**GIVEN INFORMATION:**
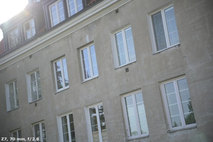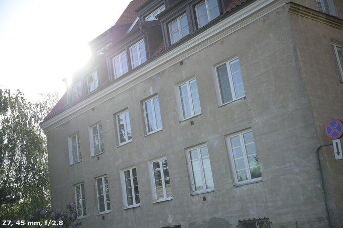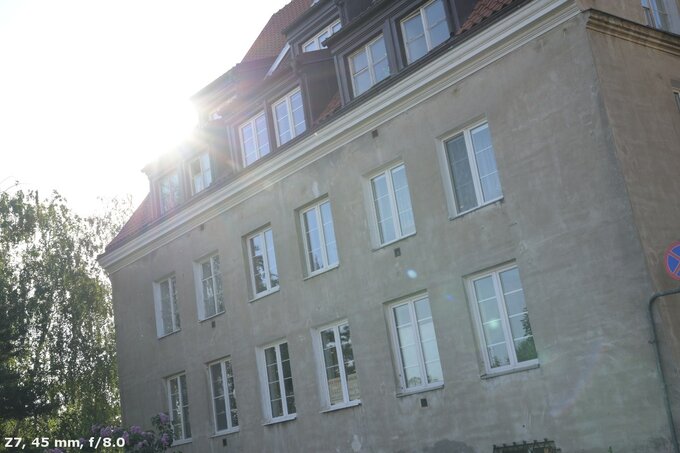 Taking into account complexity of the optical construction of the tested lens (after all you deal here with as many as 15 groups of elements so 30 air-to-glass surfaces where, potentially, you can get unwanted light reflections) and the presence of a huge front element, not sheltered by anything, the task in this category was difficult. Nikon constructors did a good job here and, in our opinion, you can't have any serious reservations.
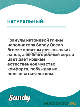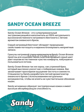 Sandy Ocean Breeze - это суперпремиальный экстракомкующийся наполнитель из 100% натурального высококачественного натриевого бентонита с легким ароматом океанского бриза.
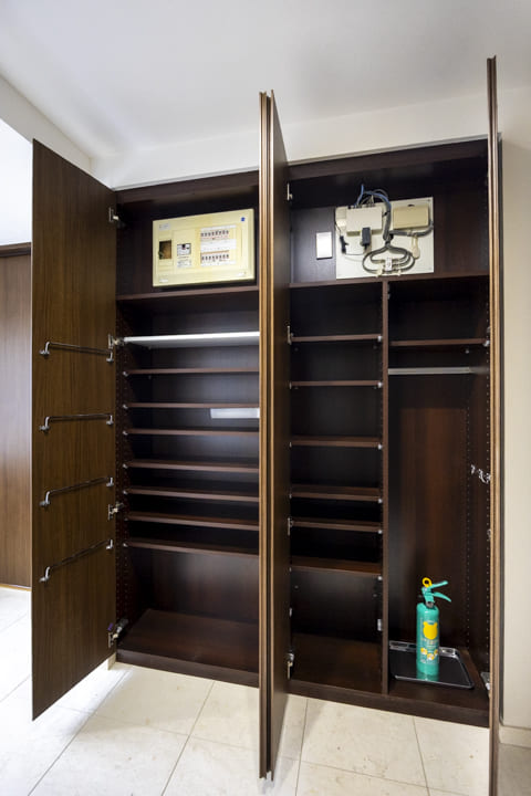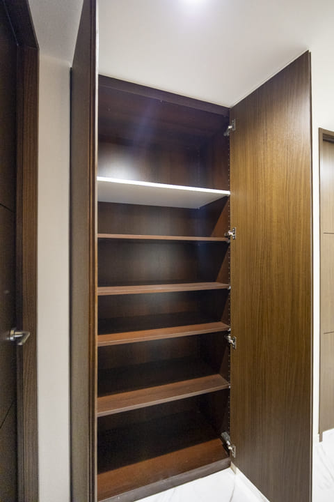 荷物を持っていても出入りがしやすそうな、ゆったりとした玄関です。入って正面には高さのあるシューズボックスが備え付けられていて収納力◎。また、照明には人感センサーが付いているので、帰宅時に両手が塞がっていても安心です。消し忘れも防止できて節電にもなります。
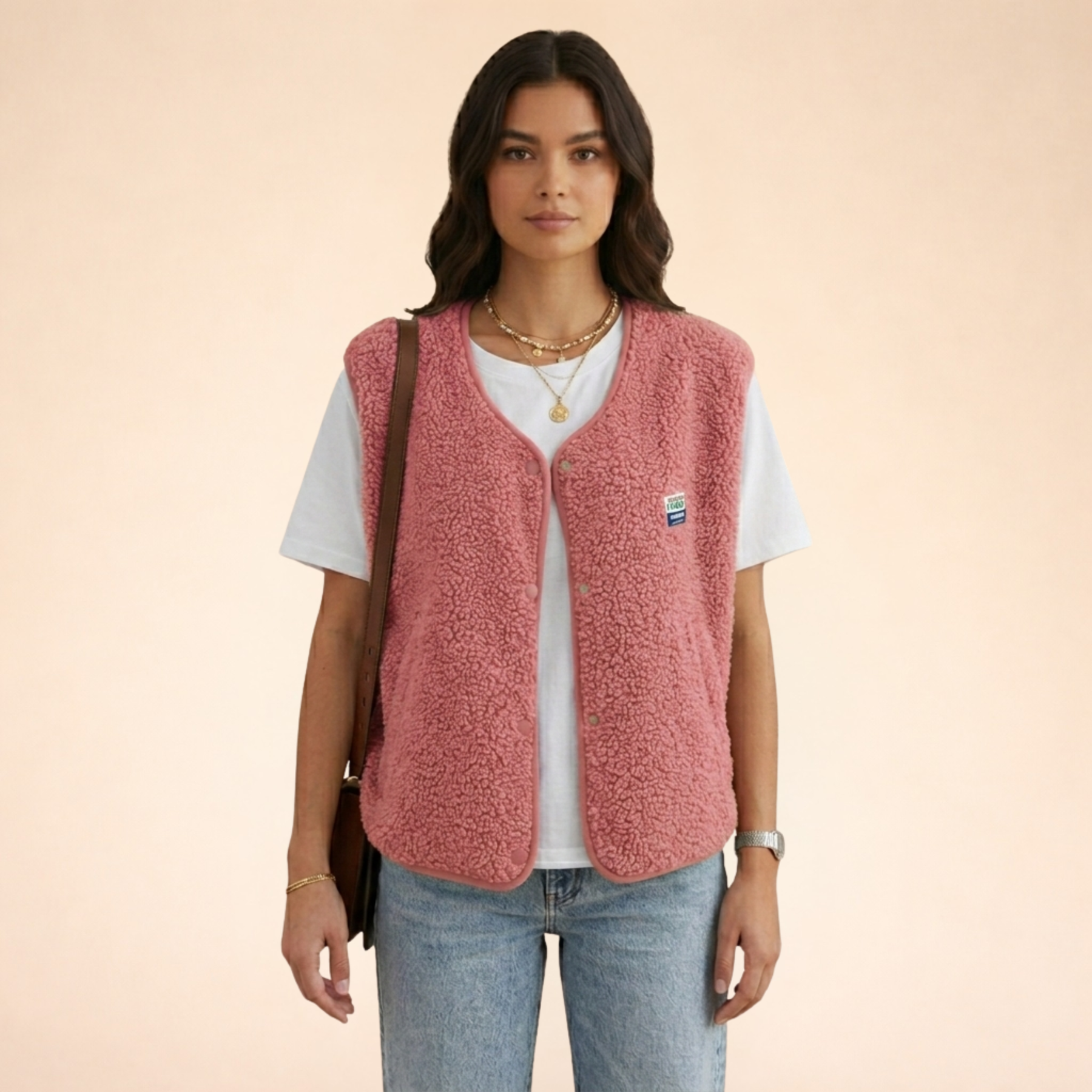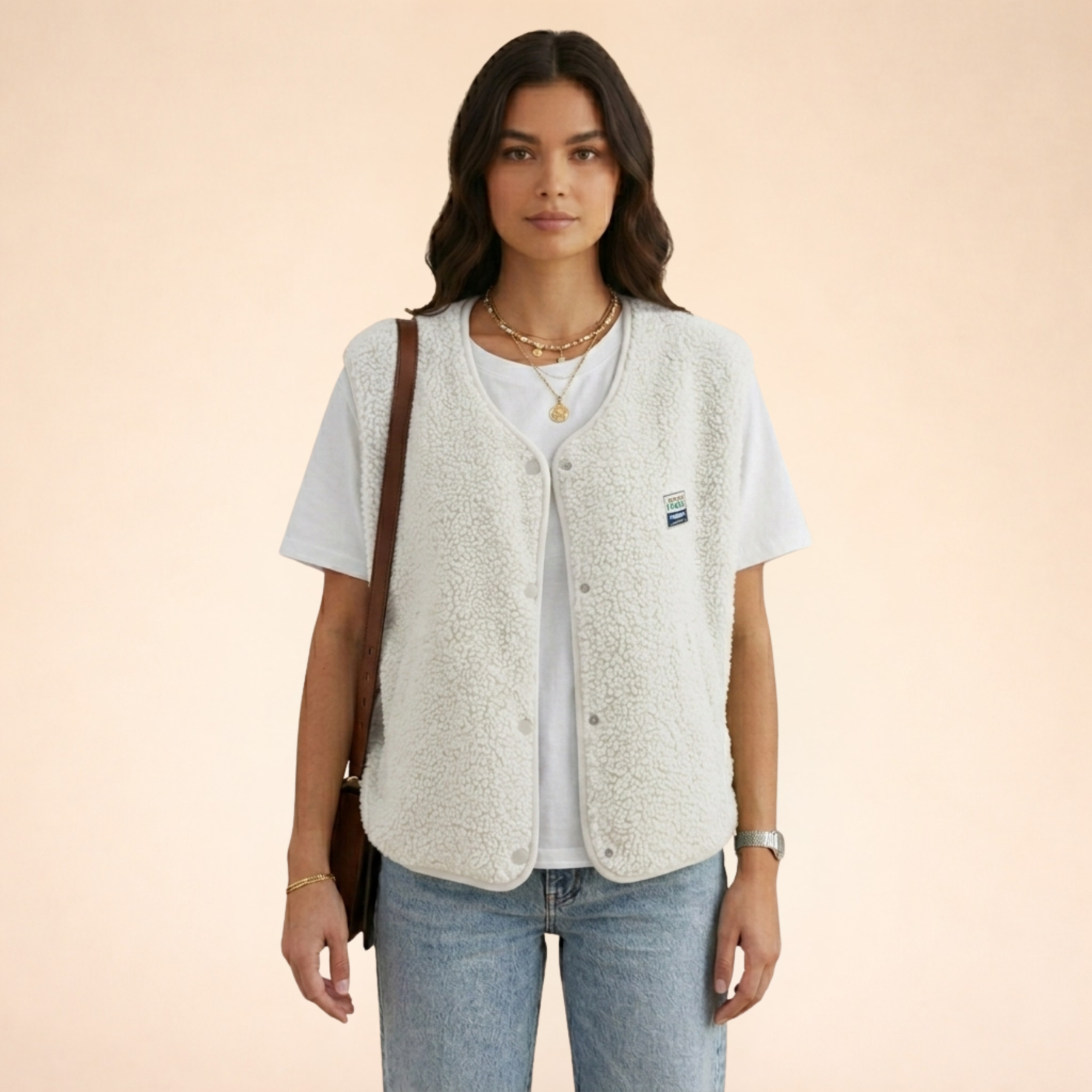 The Freya Fleece Vest blends cozy comfort with a relaxed, modern design. Made from soft, high-pile Sherpa fabric, it keeps you warm during chilly days while remaining lightweight and breathable. Its oversized fit allows easy layering, and the minimalist style pairs perfectly with casual outfits for a timeless, versatile look.

**PROMPT:**
The expected answer is the whole listing above, copied exactly, with images excluded.

**SOLUTION TO THE PROBLEM:**
 Taking into account complexity of the optical construction of the tested lens (after all you deal here with as many as 15 groups of elements so 30 air-to-glass surfaces where, potentially, you can get unwanted light reflections) and the presence of a huge front element, not sheltered by anything, the task in this category was difficult. Nikon constructors did a good job here and, in our opinion, you can't have any serious reservations.
 Sandy Ocean Breeze - это суперпремиальный экстракомкующийся наполнитель из 100% натурального высококачественного натриевого бентонита с легким ароматом океанского бриза.
 荷物を持っていても出入りがしやすそうな、ゆったりとした玄関です。入って正面には高さのあるシューズボックスが備え付けられていて収納力◎。また、照明には人感センサーが付いているので、帰宅時に両手が塞がっていても安心です。消し忘れも防止できて節電にもなります。
 The Freya Fleece Vest blends cozy comfort with a relaxed, modern design. Made from soft, high-pile Sherpa fabric, it keeps you warm during chilly days while remaining lightweight and breathable. Its oversized fit allows easy layering, and the minimalist style pairs perfectly with casual outfits for a timeless, versatile look.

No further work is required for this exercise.